* What the task asks
Copy the material below verbatim from the line with "Belül textillel bevont" to the line with "11.全角カタカナへ変換:「F7」", both lines included, omitting pictures and every line outside that range.

#### Supplied entries

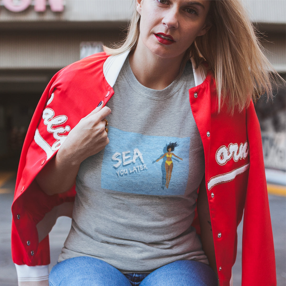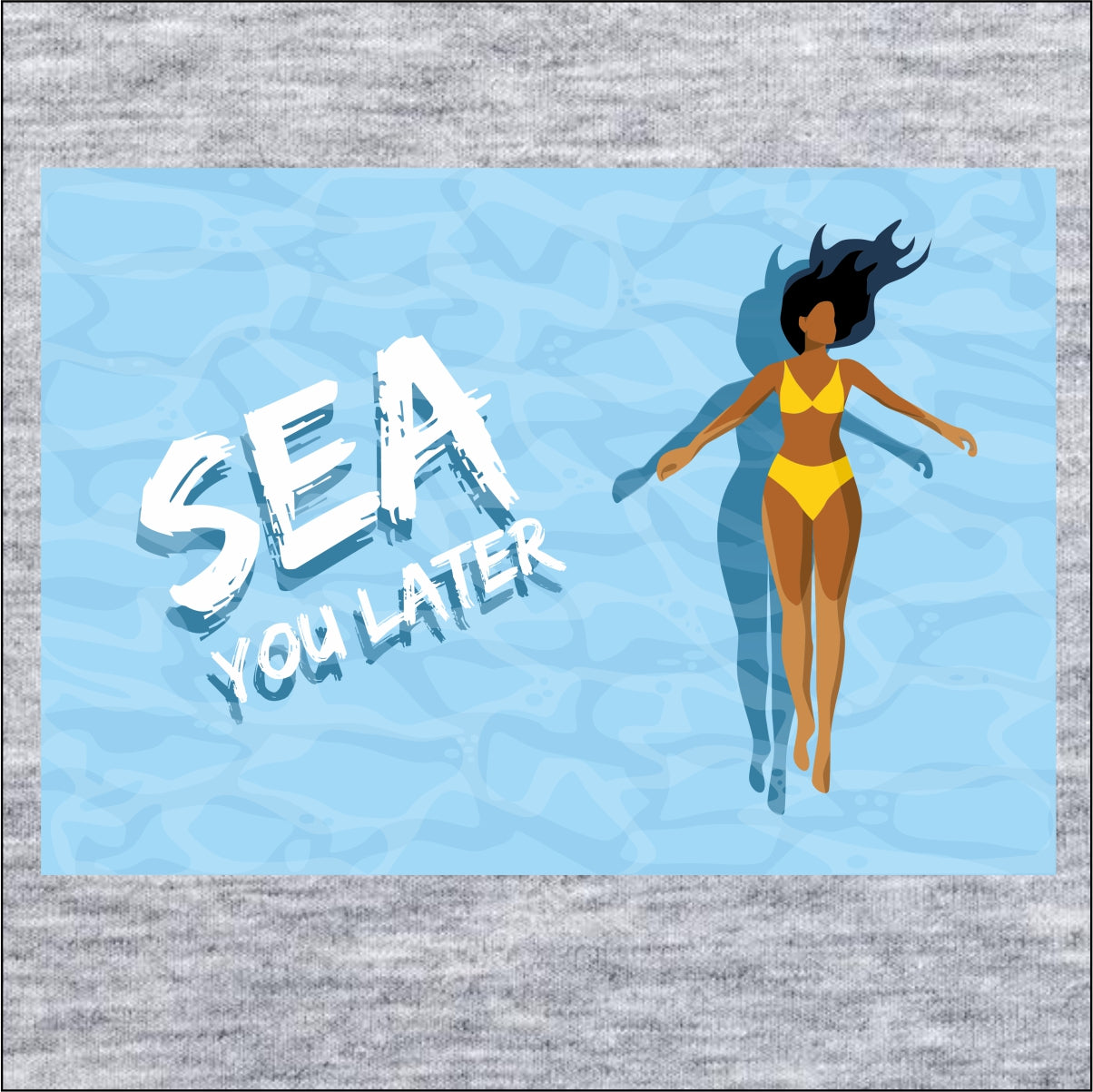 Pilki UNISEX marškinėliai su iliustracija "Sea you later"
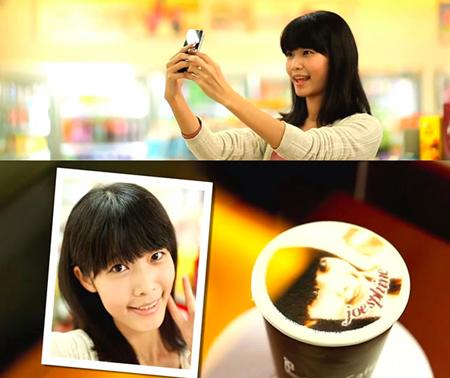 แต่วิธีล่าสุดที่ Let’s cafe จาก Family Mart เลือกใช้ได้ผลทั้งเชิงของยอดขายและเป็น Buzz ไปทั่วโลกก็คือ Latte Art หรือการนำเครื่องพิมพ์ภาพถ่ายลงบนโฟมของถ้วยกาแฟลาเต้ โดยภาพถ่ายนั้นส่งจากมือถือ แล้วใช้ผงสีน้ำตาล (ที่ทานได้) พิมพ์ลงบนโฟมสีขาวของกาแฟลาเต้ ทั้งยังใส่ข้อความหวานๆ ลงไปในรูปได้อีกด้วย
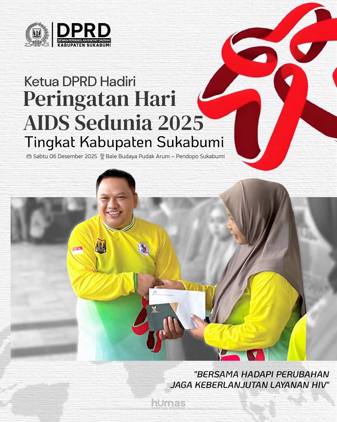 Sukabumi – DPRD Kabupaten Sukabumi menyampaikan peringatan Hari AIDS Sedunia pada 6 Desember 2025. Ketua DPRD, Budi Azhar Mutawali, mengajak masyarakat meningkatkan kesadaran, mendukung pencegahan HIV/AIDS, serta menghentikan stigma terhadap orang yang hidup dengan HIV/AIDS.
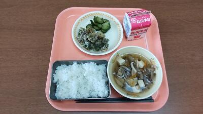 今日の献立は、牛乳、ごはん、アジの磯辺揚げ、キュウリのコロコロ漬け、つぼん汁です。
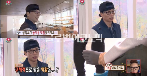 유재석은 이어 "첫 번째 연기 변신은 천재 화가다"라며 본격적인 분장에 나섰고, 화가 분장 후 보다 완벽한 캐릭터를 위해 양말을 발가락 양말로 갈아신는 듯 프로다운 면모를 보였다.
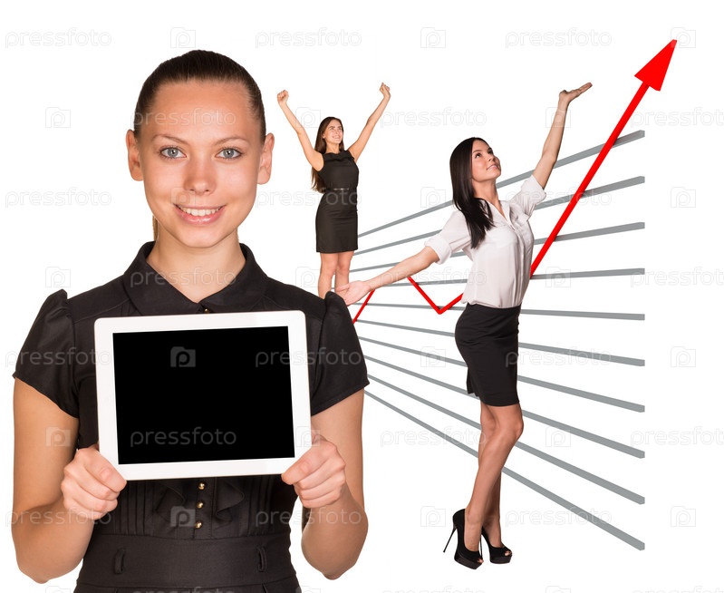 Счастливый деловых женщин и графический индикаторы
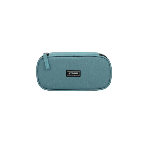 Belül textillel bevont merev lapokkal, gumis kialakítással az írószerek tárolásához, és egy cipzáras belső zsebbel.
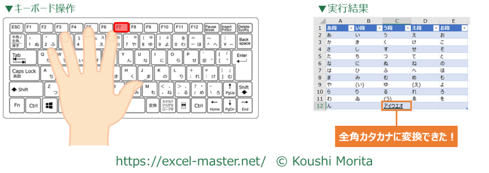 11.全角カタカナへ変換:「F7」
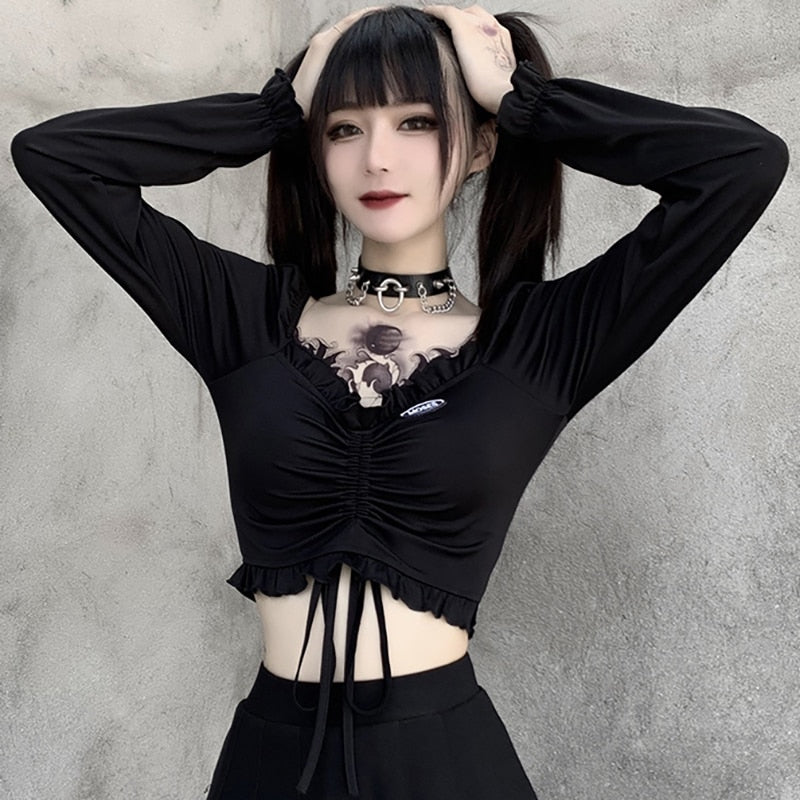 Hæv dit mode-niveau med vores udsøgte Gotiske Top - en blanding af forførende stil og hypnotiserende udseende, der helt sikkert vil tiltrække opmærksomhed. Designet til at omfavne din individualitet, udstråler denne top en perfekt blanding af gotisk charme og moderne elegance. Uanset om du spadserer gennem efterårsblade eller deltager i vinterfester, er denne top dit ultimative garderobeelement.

########
#### Supplied entries

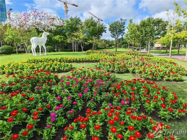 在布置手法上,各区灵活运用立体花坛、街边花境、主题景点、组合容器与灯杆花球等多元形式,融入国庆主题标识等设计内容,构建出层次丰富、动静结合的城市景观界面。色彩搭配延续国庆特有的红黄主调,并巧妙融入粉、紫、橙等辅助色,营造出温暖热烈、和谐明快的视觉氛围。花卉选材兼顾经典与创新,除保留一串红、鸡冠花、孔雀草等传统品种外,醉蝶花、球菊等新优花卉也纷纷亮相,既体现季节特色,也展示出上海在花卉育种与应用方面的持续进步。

########

* Reply to the exercise
 Belül textillel bevont merev lapokkal, gumis kialakítással az írószerek tárolásához, és egy cipzáras belső zsebbel.
 11.全角カタカナへ変換:「F7」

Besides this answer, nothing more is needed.